The results presented by the genotoxicity test should be read with some caution, due to the toxicity of silver and copper ions, the number of cells was reduced at the time of accounting for micronuclei, which may have generated some bias in the results presented, since the sample impregnated with platinum presented relatively good cell viability when compared to other fibers.
The elevated frequency of micronuclei in the Pt-ACF group is likely due to the ability of platinum to bind to DNA and interfere with the progression of mitosis. In stem cells, however, this phenomenon should not be interpreted exclusively as an indicator of cell death, but also as a marker of genotoxic stress and the activation of repair pathways. Therefore, increased micronucleus formation may reflect complex genotoxic interactions that extend beyond direct cytotoxic effects.
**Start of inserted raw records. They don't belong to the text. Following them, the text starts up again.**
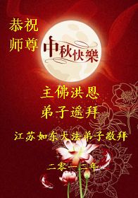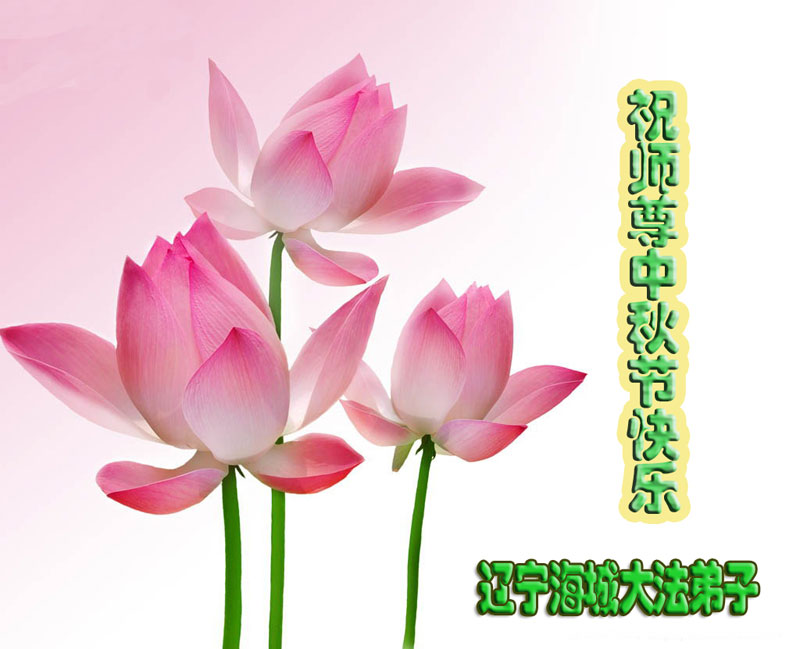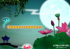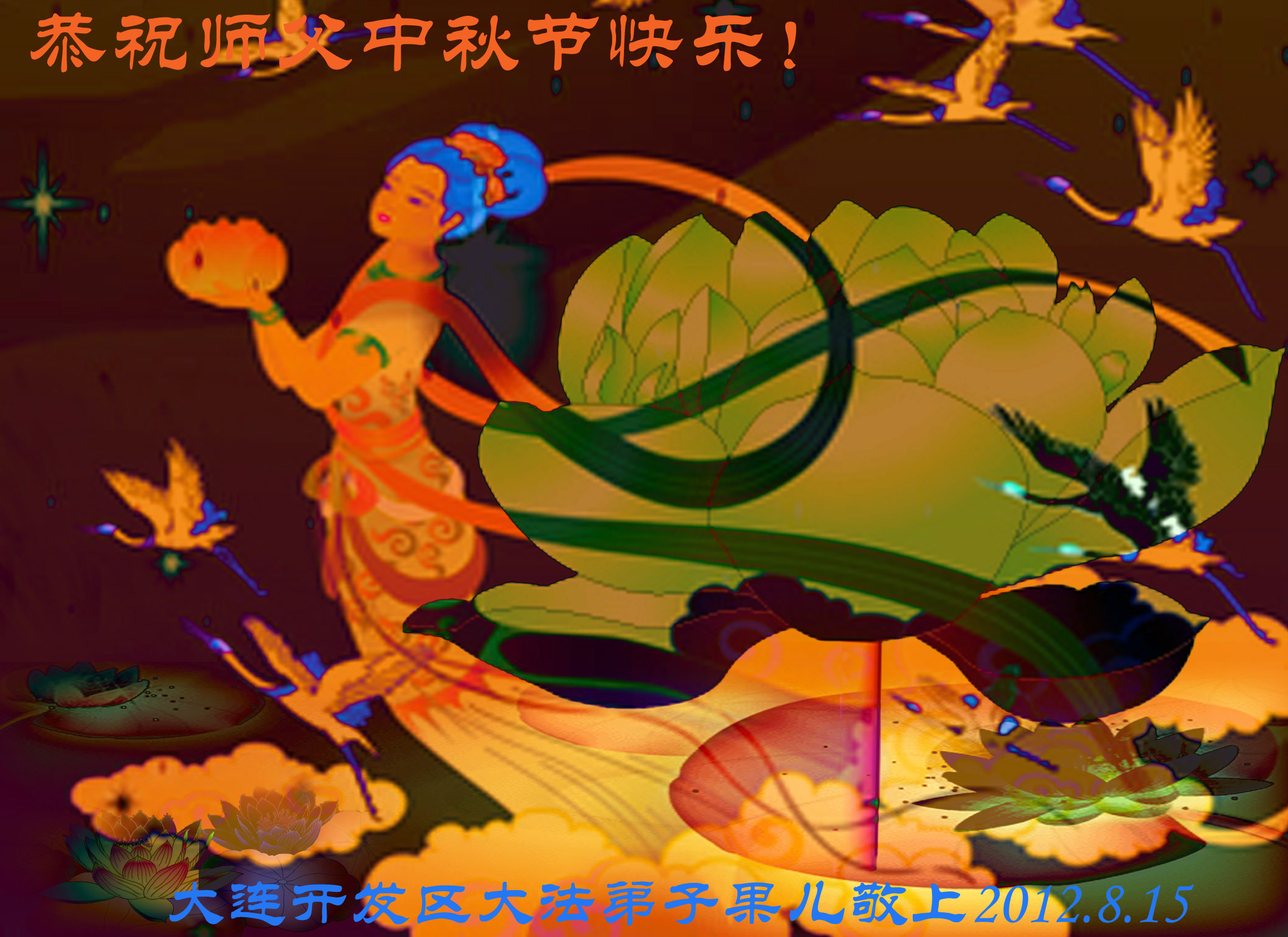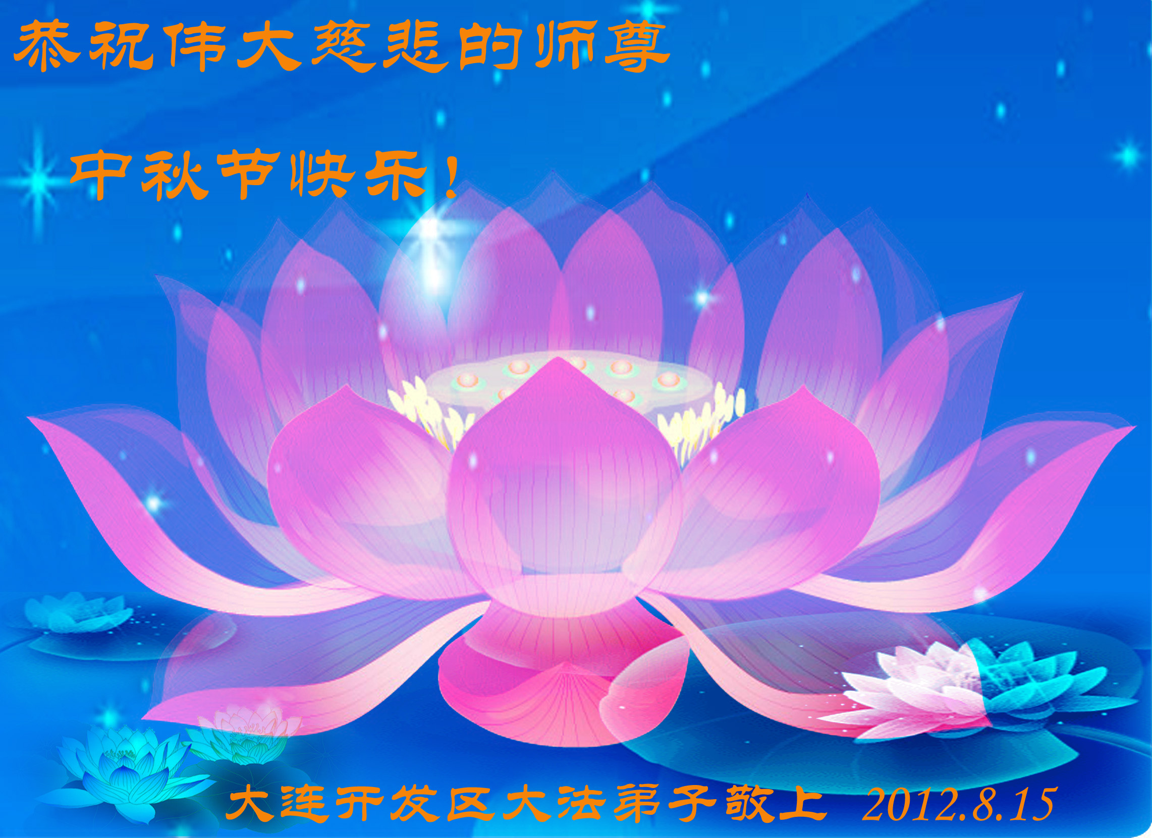 一年一度的中节就要到了,此时此刻我们十分想念伟大慈悲的师父。我们一定按照师父的要求做,越到最后越精進,救度更多的众生,一定要跟师父回家,让师父多一份欣慰少一份操劳。 向师父双手合十! 黑龙江省大庆市开发区一学法小组 二零一二年九月二十一日 辽宁省大连大法弟子恭祝师父中秋节快乐!
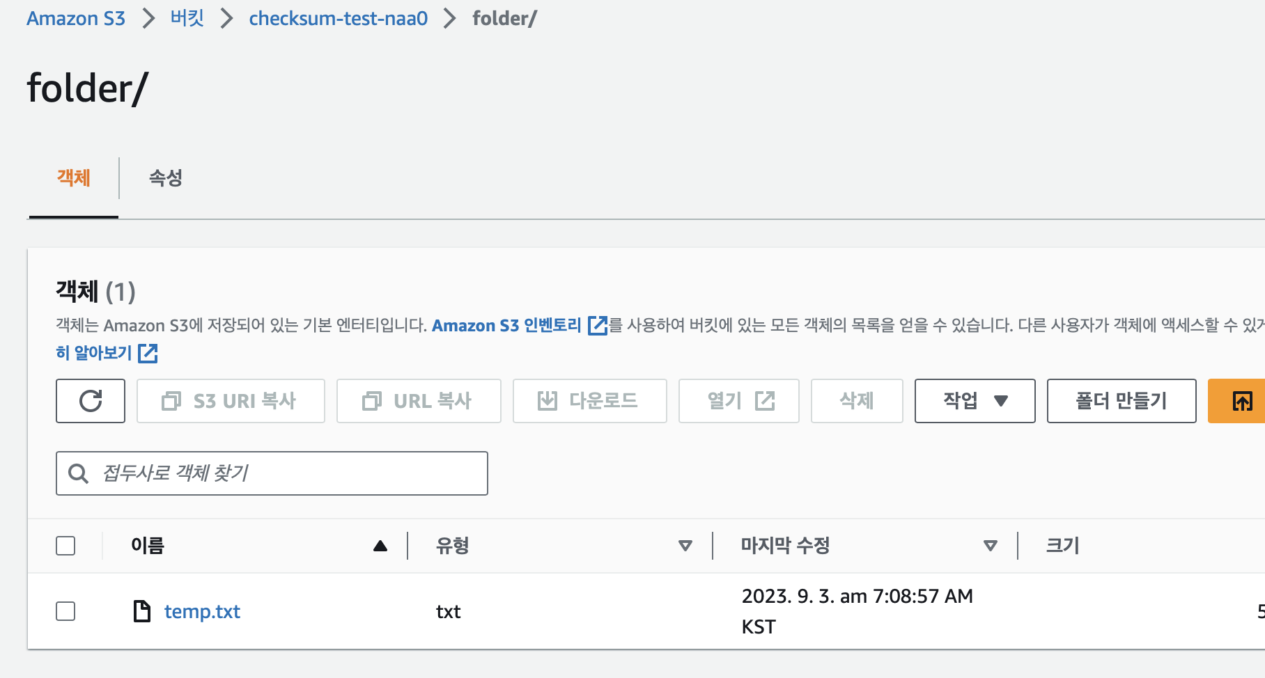 % aws s3 cp temp.txt s3://checksum-test-naa0/folder/ --profile nykupload: ./temp.txt to s3://checksum-test-naa0/folder/temp.txt
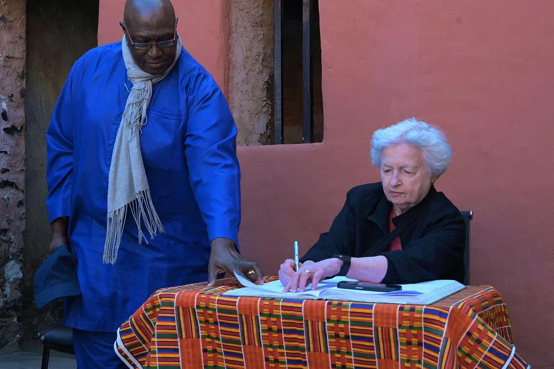 US Treasury Secretary Janet Yellen, flanked by curator Eloi Coly, signs the guestbook at the House of Slaves.
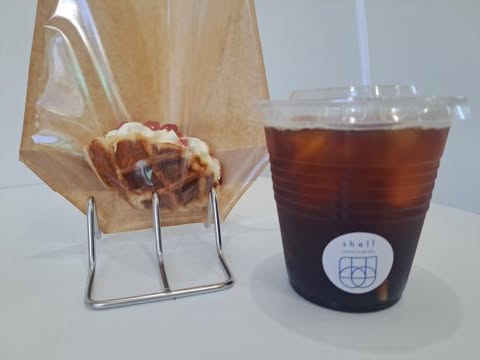 コーヒー200円といちごクリームクロッフル250円のワンコイン以下でおやつタイムを楽しめます。
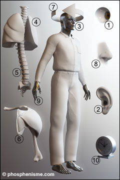 There is an equivalent of the phosphene that corresponds to all the other physical senses, adding as well the sense of balance, muscular activity, breathing, a phene related to the skeleton, and the perception of time.
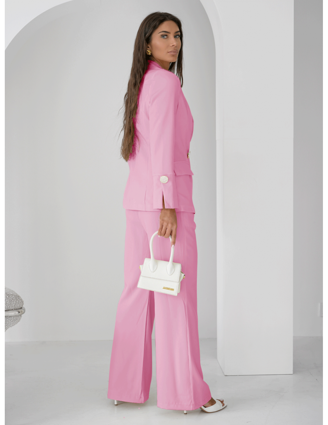 Komplet marynarka i szerokie spodnie KIZZY - pudrowy róż
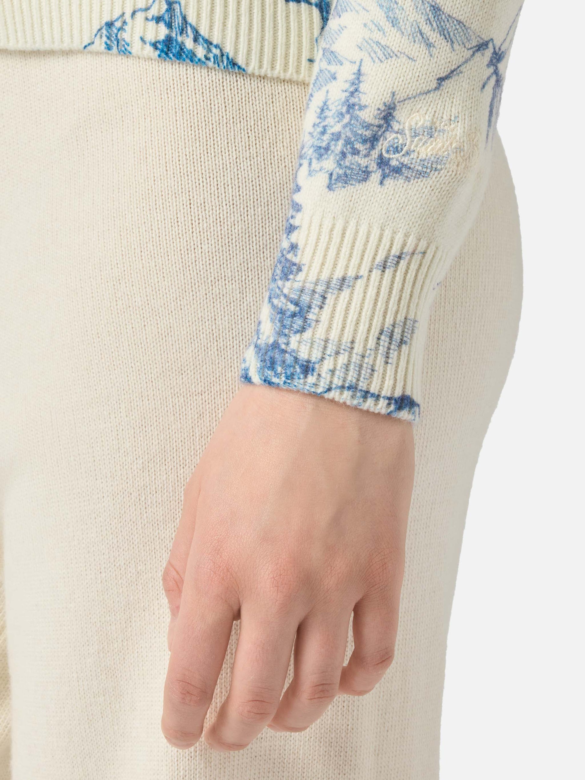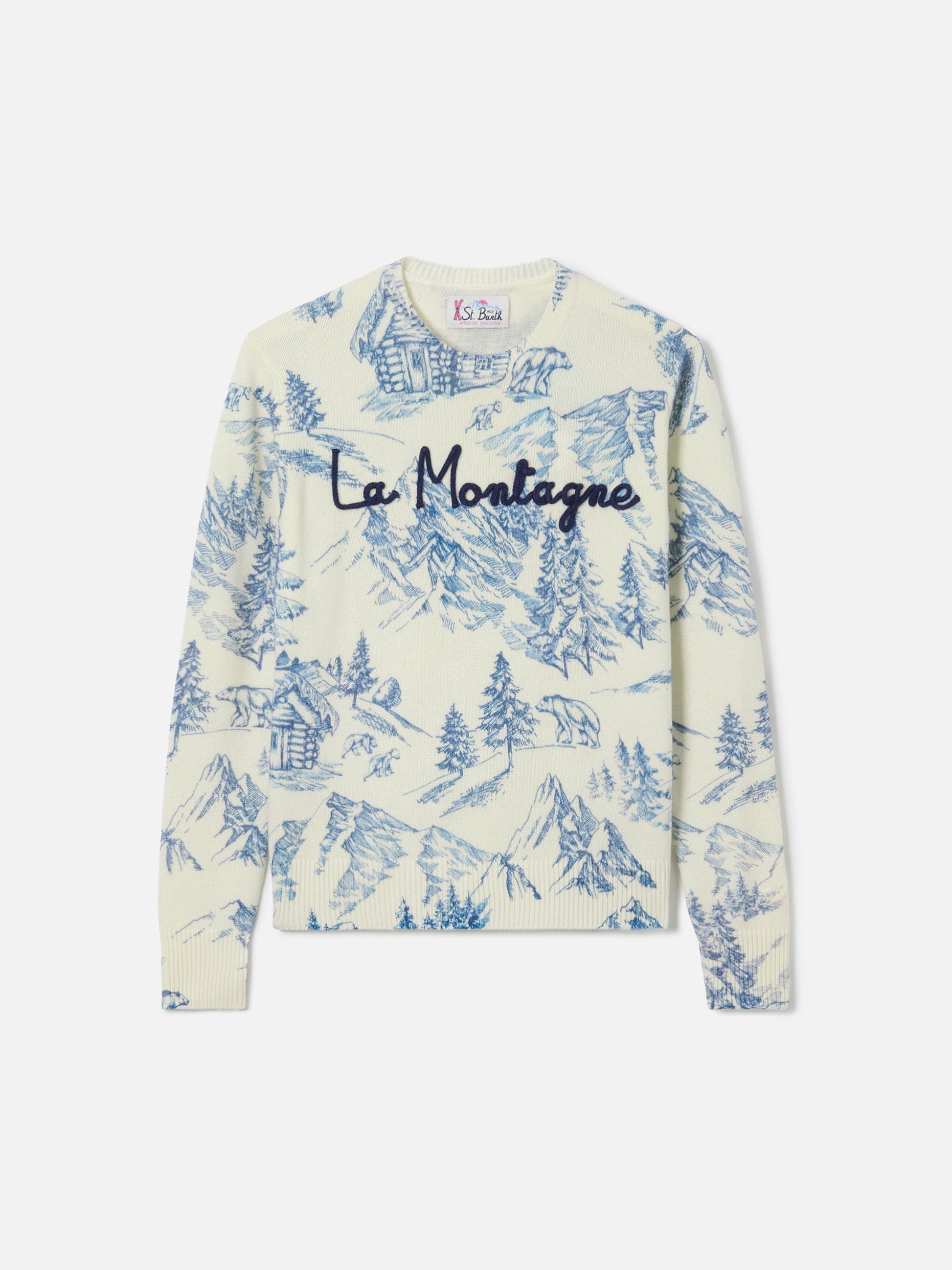 Weißer Damenpullover New Queen mit Toile de Jouy-Druck und La Montagne-Stickerei
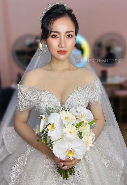 After assessing the bride's skin and providing personalized makeup style advice based on her outfit and wedding venue, Ngô Thanh Trung Make up carefully selects the right cosmetics that best match the bride’s skin tone and effectively conceal imperfections, all while using minimal products. This ensures a light, natural makeup look. Thanks to his expertise and well-equipped facilities, every client who chooses Ngô Thanh Trung Make up (Hồ Anh Khoa Academy Bridal) leaves feeling completely confident and satisfied.
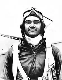 Upon learning in June 1941 about the formation of the American Volunteer Group under the command of Claire Chennault, Bond immediately volunteered and departed in September 1941 to serve in the Pacific.[8] After stops in Hawaii, Java, and Singapore, he arrived in Burma on November 12, 1941.[9] The unit, based in Burma and China, was tasked with protecting supply routes between China and Burma and with supplying Chinese forces fighting the Japanese.[5] The group was credited with shooting down 299 Japanese aircraft. It became known as the "Flying Tigers".[1] After seeing a picture of a Royal Air Force plane in North Africa, the group painted a shark mouth on the nose of their planes.[10] Bond was the first to paint his Curtiss P-40 Warhawk.[11] Bond was credited with shooting down nine and a half Japanese aircraft,[12] including three during a single 1942 mission. Bond was also shot down twice during his Flying Tigers service: in May 1942, he was shot down over Baoshan, China, and he parachuted into a cemetery after his plane and clothing caught fire. He was hospitalized, but returned to combat and was shot down again in June 1942; he suffered head injuries but returned to combat within a week.[5]
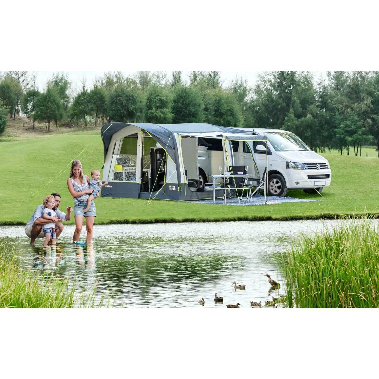 Trails Lc der Marke Brunner ist ein stylisches aufblasbares Vorzelt, das Sie freistehend stehen lassen können, während Sie zu einem Abenteuer aufbrechen.
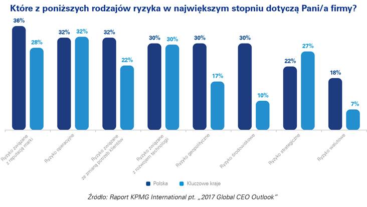 – W dobie globalizacji i szybkiego przepływu informacji niezależnie od miejsca, w którym się znajdujemy, rośnie znaczenie ryzyka reputacyjnego i zarz?dzania mark?. Firmy koncentruj?c się na bież?cej działalności i walcz?c o klienta powinny przykładać odpowiedni? wagę do zarz?dzania reputacj?, jakiekolwiek niedoci?gnięcia w tym zakresie mog? mieć bardzo poważne konsekwencje. W dalszej kolejności wśród rodzajów ryzyka maj?cego istotny wpływ na prowadzenie biznesu respondenci z Polski wymieniali ryzyko operacyjne i ryzyko zwi?zane ze zmian? preferencji klientów – mówi Leszek Wroński, partner, szef działu usług doradczych w KPMG w Polsce i Europie Środkowo-Wschodniej.
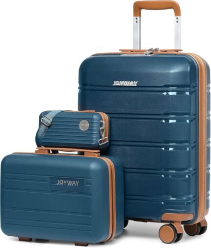 Joyway Luggage Carry On 20inch Lightweight Polypropylene Carrying Case with TSA Lock, Rigid Suitcases Sets with Swivel Wheels,14inch Cosmetic Bag and 7inch Toiletry Dark Blue
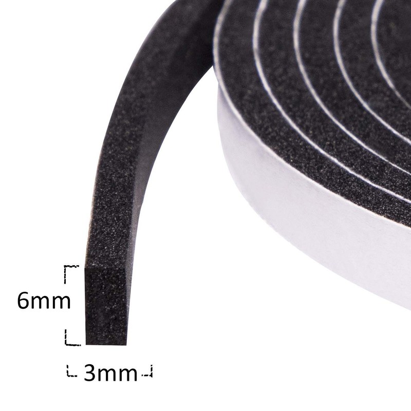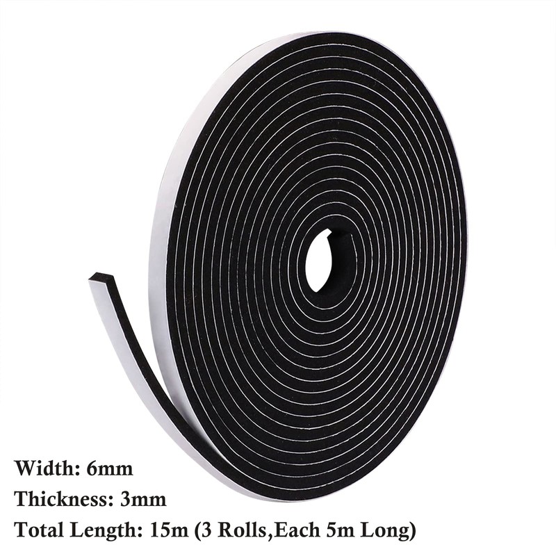 • STRONG ADHESIVE - 6mm (W) * 3mm (T) * 15M (L) Foam weather stripping has strong adhesive backing, moisture resistant and non-degumming, stick firmly, great weather stripping for doors and windows
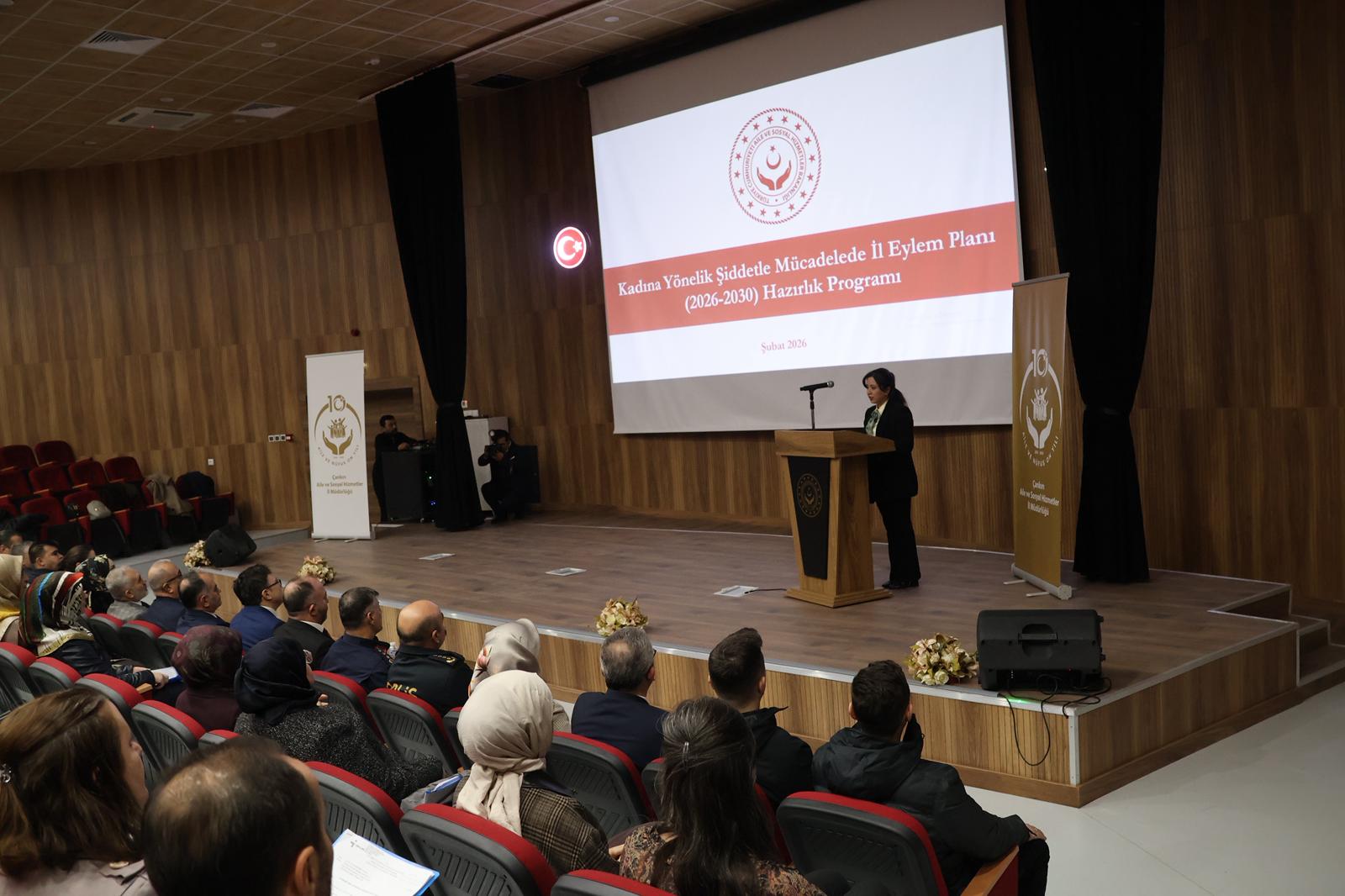 Kadına Yönelik Şiddetle Mücadele V. Ulusal Eylem Planı (2026-2030) kapsamında, ilimizde şiddetle mücadeleye yönelik yol haritasının belirlenmesi amacıyla İl Müdürlüğümüz koordinesinde Valimiz Sn. Hüseyin ÇAKIRTAŞ’ın başkanlığında çalıştaya;İl Müdürümüz Sn.Abdulhaluk LONGA ,kamu kurum amirleri ve temsilcileri ile sivil toplum kuruluşlarının temsilcilerinin katılımıyla “Çankırı İl Eylem Planı Hazırlık Çalıştayı” gerçekleştirildi.

In addition to its direct interaction with DNA, platinum in metallic or nanoparticulate form can promote the generation of reactive oxygen species (ROS), thereby contributing to oxidative stress and indirect damage to the cellular genome [30,31].
Given that the toxic potency of metal ions is strongly influenced by several factors, including concentration, exposure time, chemical form (free ion versus nanoparticle), medium composition, and cell type, future research should encompass additional genotoxicity assays to further validate the findings of the present study. In this context, complementary characterization methods capable of accurately assessing porosity would also be of great relevance. Furthermore, the development and optimization of strategies for incorporating metal ions into activated carbon fibers represent an important avenue for investigation.
Activated carbon fiber incorporated with metal ions has attracted increasing attention in biomedical applications, especially in the field of bone regeneration. Its biocompatibility and favorable mechanical properties may give it potential for use as a bone filler, promoting structural support and facilitating osteoconduction. In addition, when used as a scaffold for bone tissue engineering, activated carbon fiber can act as a three-dimensional matrix capable of supporting the adhesion, proliferation, and differentiation of osteogenic cells. The incorporation of metal ions, such as gold, palladium, and even copper or silver, can enhance its bioactive properties, favoring the formation of a mineralized matrix and, in some cases, conferring antimicrobial activity, which can contribute to a microenvironment more favorable to bone regeneration.

4. Materials and Methods

4.1. Preparation of Activated Carbon Fiber

PAN fibers of 5.0 dtex in a cable of 200 thousand filaments were thermally oxidized and used as raw material to produce felt. The raw material was placed in a sample holder and inserted into an electric tubular furnace for carbonization (900 °C) for 30 min, and then activated in a CO2 atmosphere at 1000 °C for 50 min. At the end, the Activated Carbon Fiber Felt (ACFF) is obtained. The carbon fibers were placed in direct contact with metallic salts for the direct deposition of reduced metals on the surface. ACF samples were immersed in 50 mL of 0.1 M metal salt solutions and kept under static conditions at 25 °C for 48 h to achieve metal impregnation [32]. The samples were thoroughly washed with ultrapure water and dried in an oven at 50 °C for 24 h. They were cut into circles to carry out in vitro experiments. At this point, the felt is ready to go through the adsorption process with ion solutions, and then the following fibers are obtained: Silver-activated carbon fiber felt (Ag-ACF), Gold-activated carbon fiber felt (Au-ACF), Copper-activated carbon fiber felt (Cu-ACF), Palladium-activated carbon fiber felt (Pd-ACF), and Platinum-activated carbon fiber felt (Pt-ACF). From the preparation of the carbon fiber felt, samples of 4 mm in diameter and 2 mm in height were obtained [33].
The samples were separated into groups according to the forms of presentation of the material. They were previously packed and sterilized in an autoclave (121 °C for 20 min) before being sent for in vitro analyses.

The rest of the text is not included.